Friday, June 15, 2012

A Lesson in English

I understand that a lot of parents spell names in a way that is supposed to make them easier to pronounce, or to spell the name like it actually sounds (phonetics), but sometimes the end result is even more confusing. Here are a few examples, but know that there are so many more.

Bradyn #815 Unlike Brayden, #37, Bradyn would sound more like Brad-in, as in Bradley. Without that y after the first three letters, it’s not as intended.
Izayah #816 With the real name Isaiah being spelled with an S, not to mention how easily recognizable Isaiah is, there’s really no need to spell it like this. It comes across sounding more like Iz-ah-yah.
Aaden #797 Why it was necessary to spell it like Aaron, I do not know, considering how hugely popular Aiden is. Then again, there’s Ayden, Aden, Aidyn and Aidan, so why not? Oh, right, because it’s not Aaron.
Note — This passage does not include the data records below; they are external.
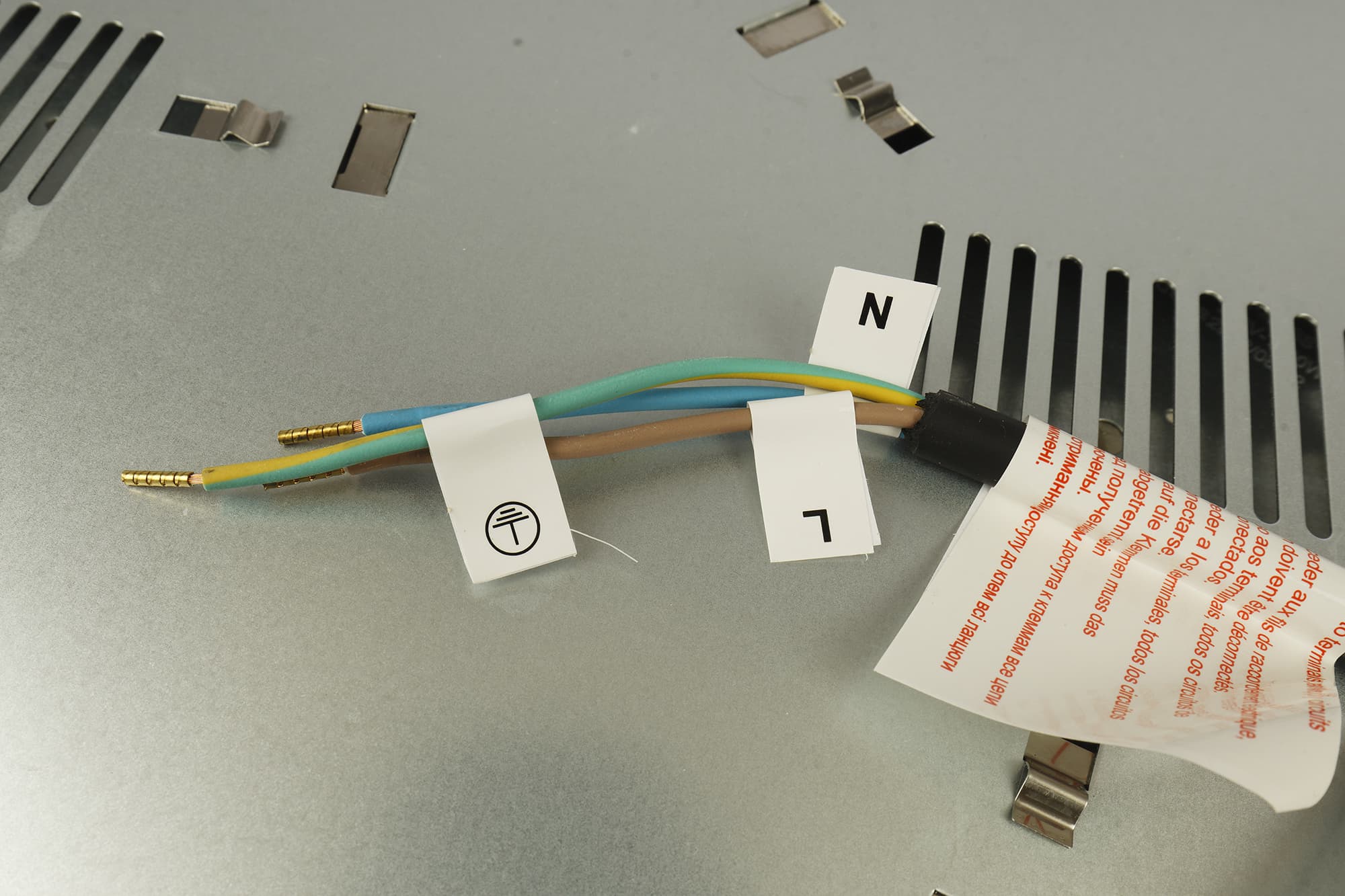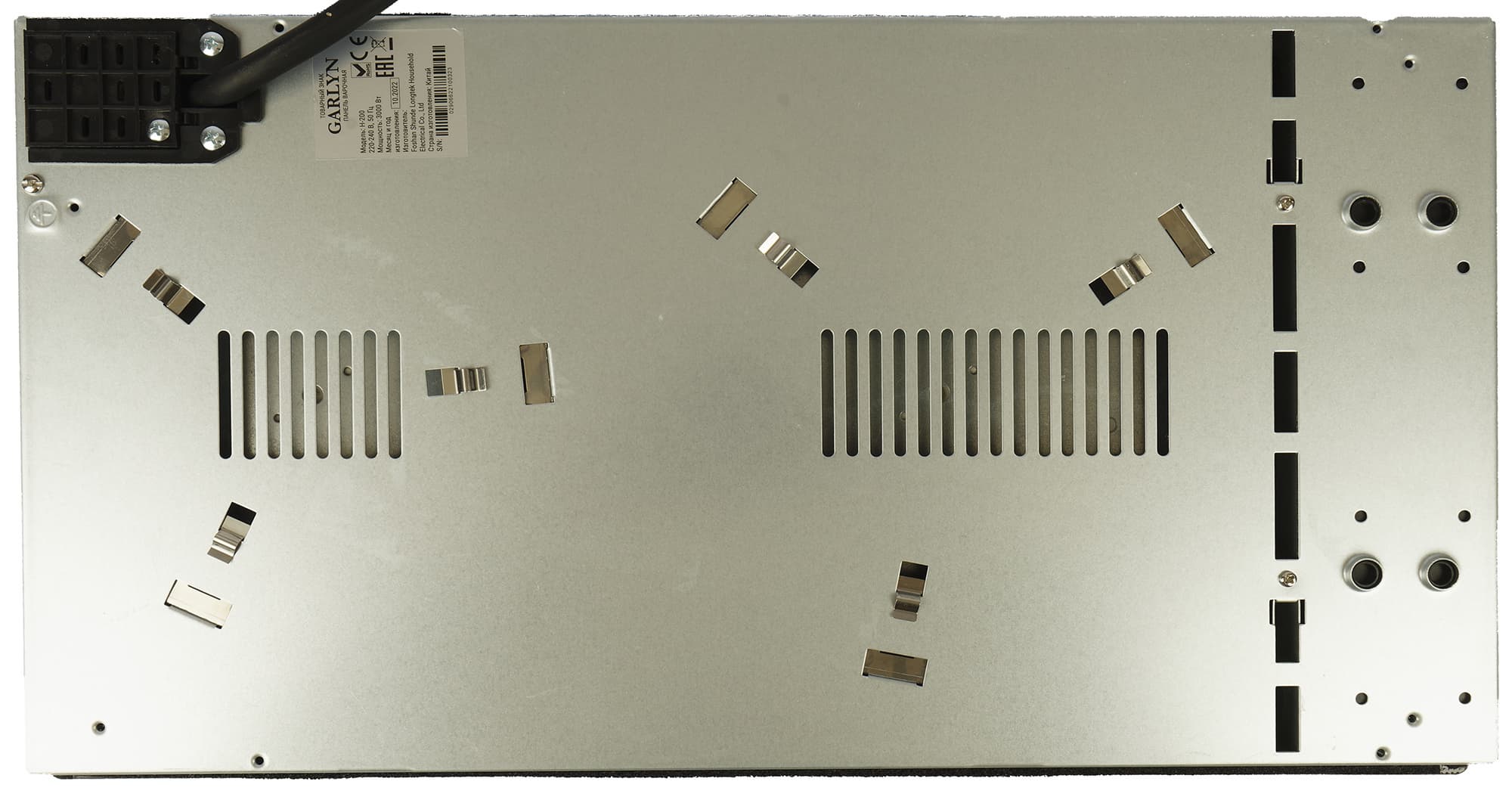 Снизу варочной поверхности, кроме вентиляционных прорезей и технических отверстий, расположена наклейка со сведениями о модели и серийным номером. Выход шнура тоже организован снизу, поэтому плиткой невозможно пользоваться как мобильной без специальных приспособлений.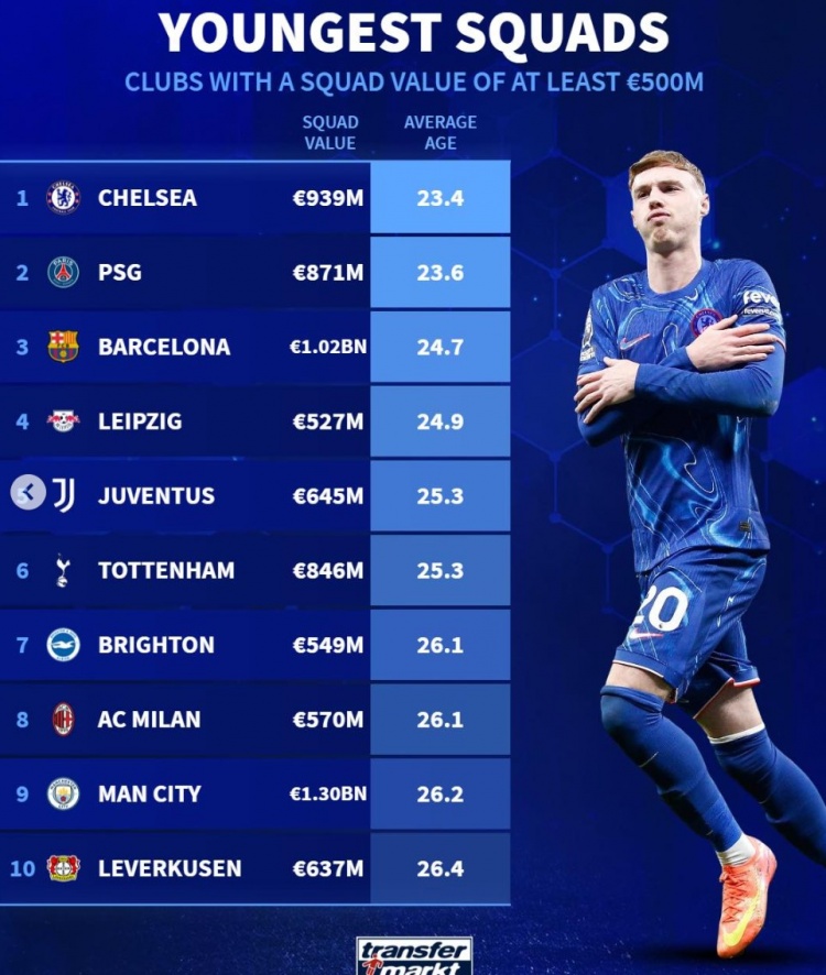 各隊(duì)平均年齡最年輕榜:切爾西巴黎巴薩列前三,尤文米蘭曼城在列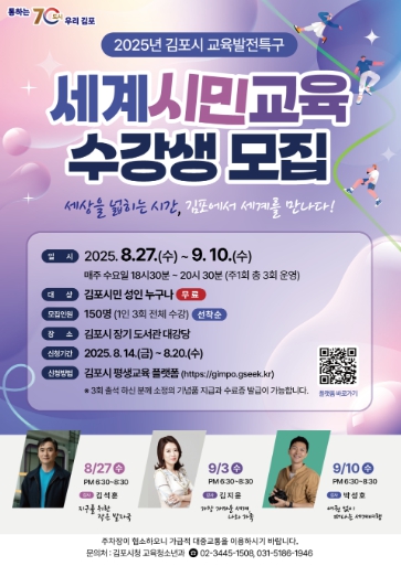 [뉴스노크=김인호 기자] 김포시는 2025년 김포시 교육발전특구 사업의 일환으로, 시민의식 함양과 글로벌 역량강화를 위한 ‘세계시민교육’을 오는 8월 27일부터 9월 10일까지 운영한다고 밝혔다.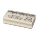 Christmas return or mailing address rubber stamp for letters from Santa or to Santa Claus. Hand drawn vintage Santa holding he has a big smile on his face, and is wearing glasses. Santa's address lettering is done in a snow font.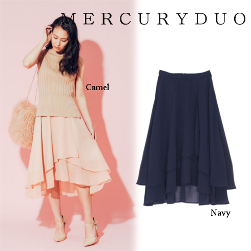アシンメトリーな裾はふわふわ揺れて華やかで女性らしさを演出。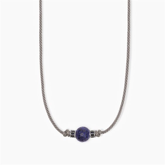 Collana in argento 925/°°° rodiato con cordino grigio, pietra lapis Ø 11-12 mm ed inserti con zirconi blu Ø 1.2 mm, misura regolabile da 38 a 54 cm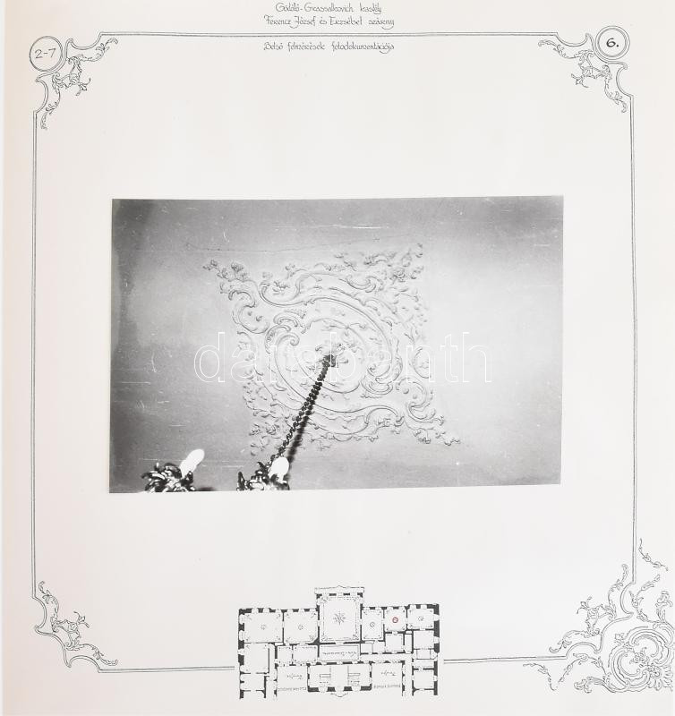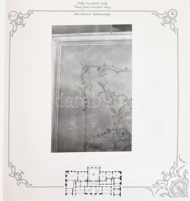 1991 Gödöllői Grassalkovich kastély Állagmegóvási program fotódukomentáció 10. és 11. kötet. A kastély belső terének felújítás előtti állapotáról készült mintegy 150 darab fotó, tervrajzokkal, 2 kötetbe ragasztva.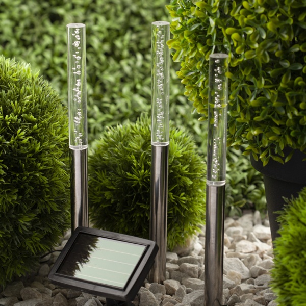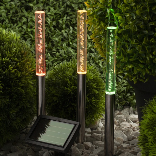 Беспроводная садовая гирлянда бренда Era "Пузырьки" станет эффектным украшением вашего сада. Комплект из трех светильников, соединенных между собой, имеет питание от одной панели. Фигурки из ударопрочного пластика высотой 38 см с легкостью вставляются в землю. Общая длина фонарей составляет 144 см. С их помощью можно украсить декоративный пруд или бассейн, необычно подсветить дорожку или придомовую территорию. Питание происходит во включенном режиме, днем. С наступлением темноты пузырьки начинают медленно переливаться желтым, зеленым и оранжевым цветами. Приспособление способно функционировать 2 способами – от солнечной батареи и от аккумулятора. Благодаря особому датчику, который определяет уровень освещенности, происходит включение и выключение гирлянды. Заряда солнечной батареи достаточно для непрерывного функционирования аксессуара на протяжении 8 часов. Источником света служат 3 LED лампы. Материал светильника – нержавеющая сталь и пластик. Степень защиты изделия – IP44, которая исключает риск негативного воздействия влаги и позволяет использовать светильник на улице. Гарантия изделия – 6 месяцев. Срок службы – 2 года.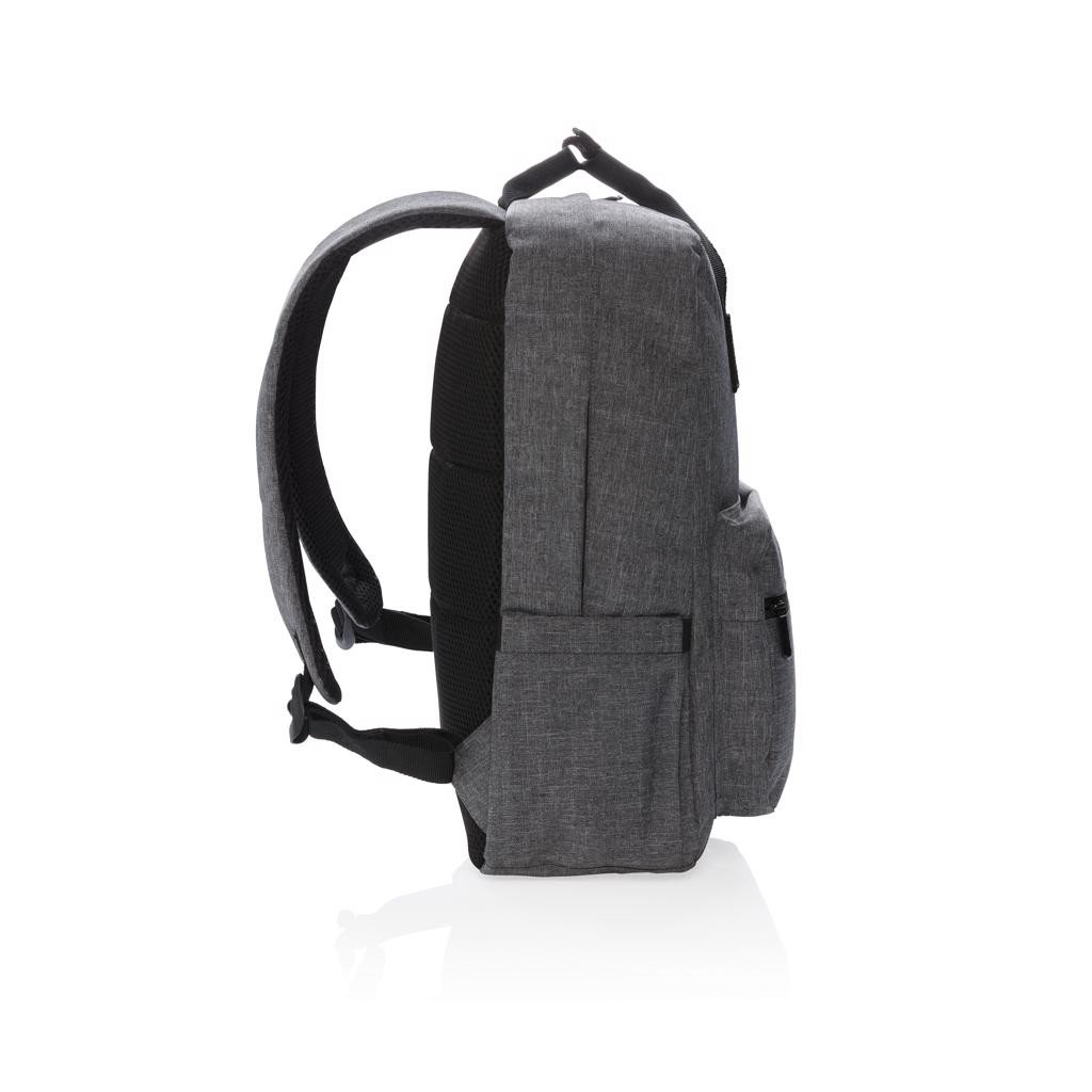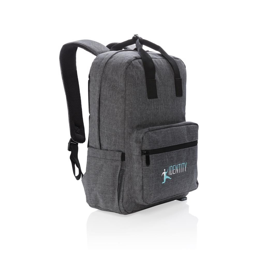 Sac à dos polyvalent qui peut être porté à l'épaule, à la main ou comme sac à dos, avec un compartiment rembourré pour ordinateur portable de 15'' et des poches avec protection RFID. Sans PVC.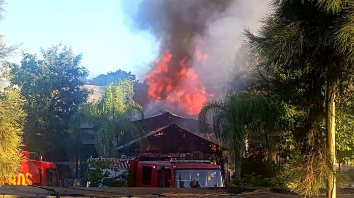 Toda la estructura del techo de paja y la tirantería de madera recubierto de chapas de zinc tomó fuego en cuestión de instantes y, pese a la rápida respuesta de los bomberos, fue imposible controlar el incendio hasta que consumió completamente el techo, por lo que las pérdidas son totales.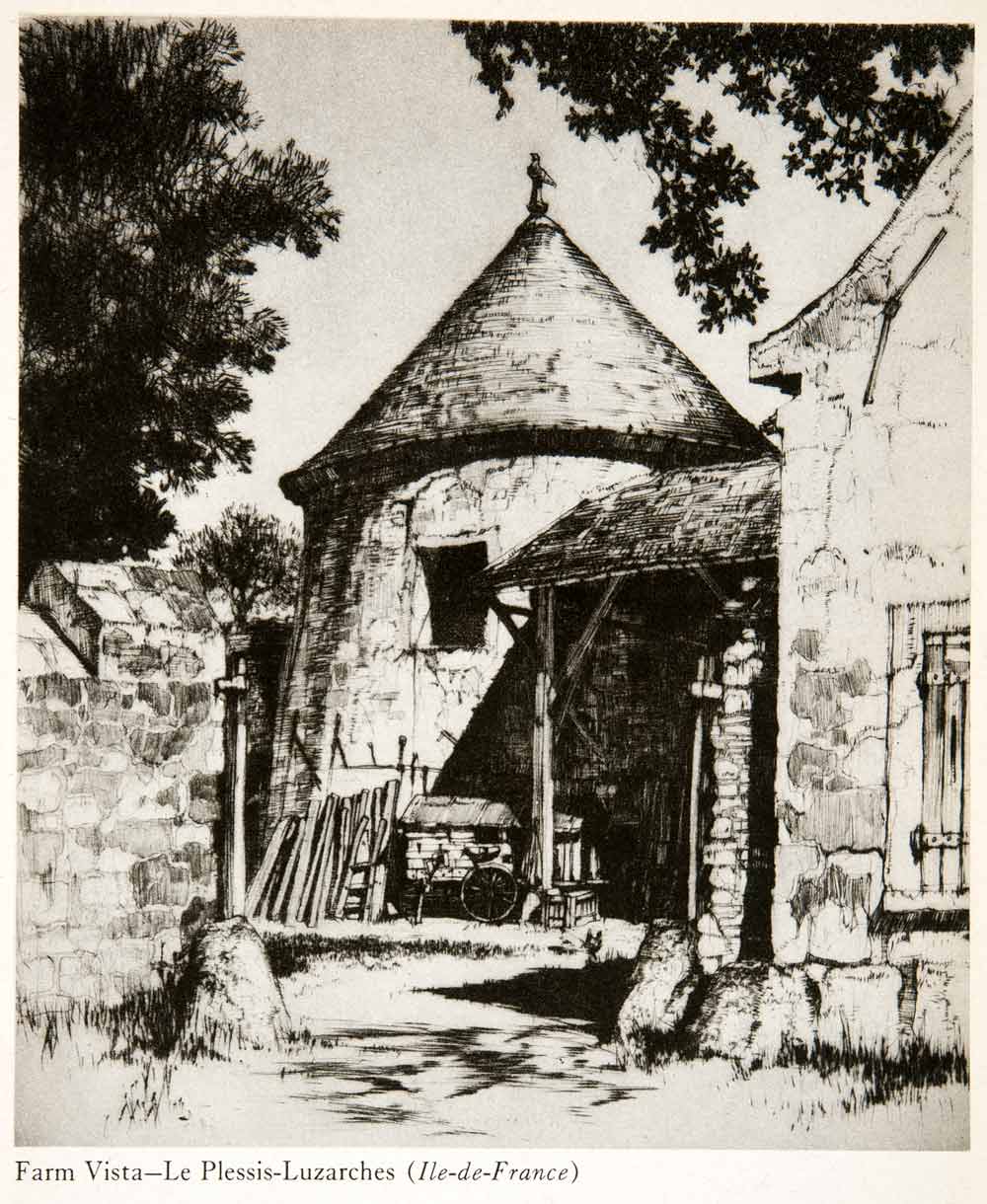 This is an original 1944 black and white photogravure of a "pigeonnier" (pigeon loft) on a farm in Le Plessis-Luzarches which is a commune in northern France. It is located in the Val-d'Oise department in the Ile-de-France region.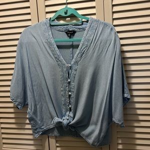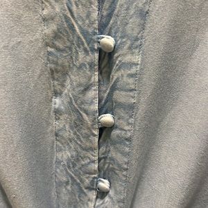 Sim & Sam Faded denim blouse. Size Large.Soft fabric. Tie front, covered buttons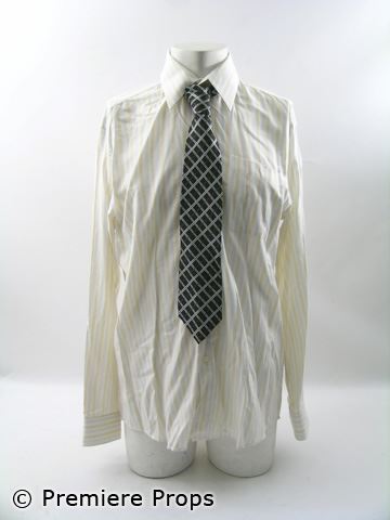 Cole's (Ray Liotta) forest green wool "Pierre Cardin" l/s 3 button blazer (size 42R), taupe poly/rayon "Adolfo" front pleat pants (size 36), brown leather w/ silver buckle "Geoffrey Beene" belt (size 38), white cotton w/ gold/grey/navy stripes "Nicole Miller" l/s button up shirt (size 16-34/35), black silk w/ brown/silver cross diagonal striping "Vazzoni" neck tie, reddish brown leather "Rockport" lace ups (size 10) (includes wardrobe tag / screen worn)
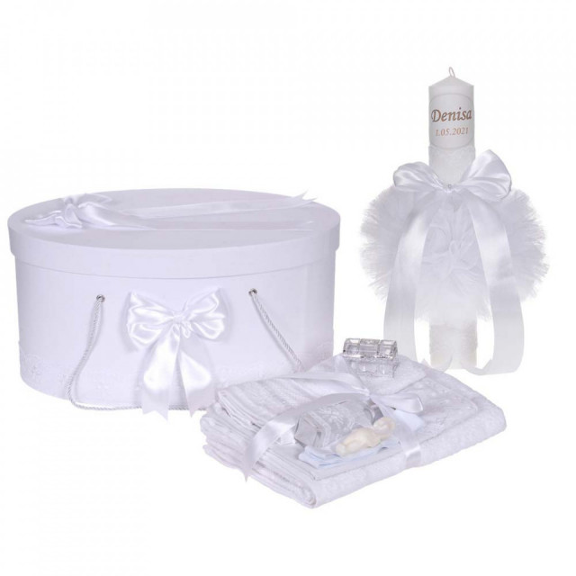 Set special creat pentru ceremonia de botez. Setul este alcatuit din trusou complet, o cutie pentru transportul trusoului si hainutelor de botez si o lumanare botez personalizata cu numele copilului si / sau data evenimentului decorata cu dantela si fundita asortata.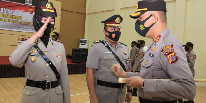 LHOKSEUMAWE – Kapolres Lhokseumawe AKBP Eko Hartanto, S.I.K, M.H pimpin upacara serah terima jabatan Kasat Lantas Polres Lhokseumawe di Gedung Serba Guna Wirasatya Polres Lhokseumawe.” senin pagi (14/06/2021).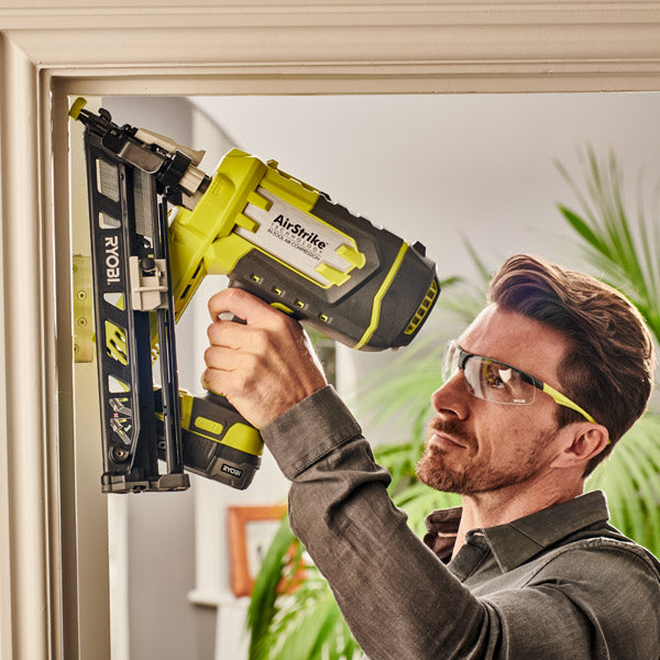 As part of the Ryobi 18V ONE+™ system of over 200 cordless tools for the home, garden, automotive, crafting and much more, the Ryobi 18V ONE+™ R15GN18-0 Cordless 15-gauge finish nail gun is perfect for second fix applications such as installing skirting boards and door architrave, fastening door casings, crown mouldings, coving and much more.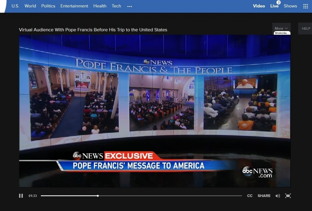 Magyar idő szerint szeptember 5-én hajnal 4-kor kerül adásba az ABC 20/20 című műsora, mely ezúttal Ferenc pápáról szól Ferenc pápa és az emberek címmel.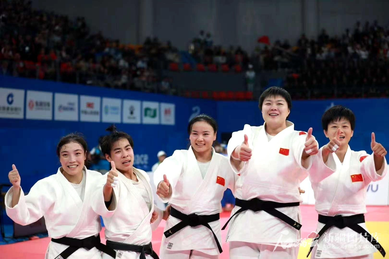 哈尔哈勒什·努尔巴哈提(中)与队友夺得第七届世界军人运动会柔道女团冠军。本人提供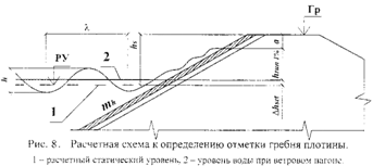 Расчет отметки гребня плотины выполняется в соответствии со Строительными нормами и правилами СНиП 2.06.05-84* "Плотины из грунтовых материалов" для двух расчетных уровней воды в верхнем бьефе водоема: НПУ и ФПУ.

So, folks, my suggestion is to edit your baby names like you would edit a professional paper, the first step being spelling, the second being comprehension. Would you turn in a paper to your boss that only had phonetics? No. Would your college professor give you a perfect score if he couldn't understand your paper? No. I understand naming a baby is not equal to writing a polished report, but it is similar. You want the finished, polished paper (baby name) you share with those who read (hear/see) it to be understood and well liked. I'm not saying everyone will like your paper (baby name), but at least they will be able to digest it without having issues.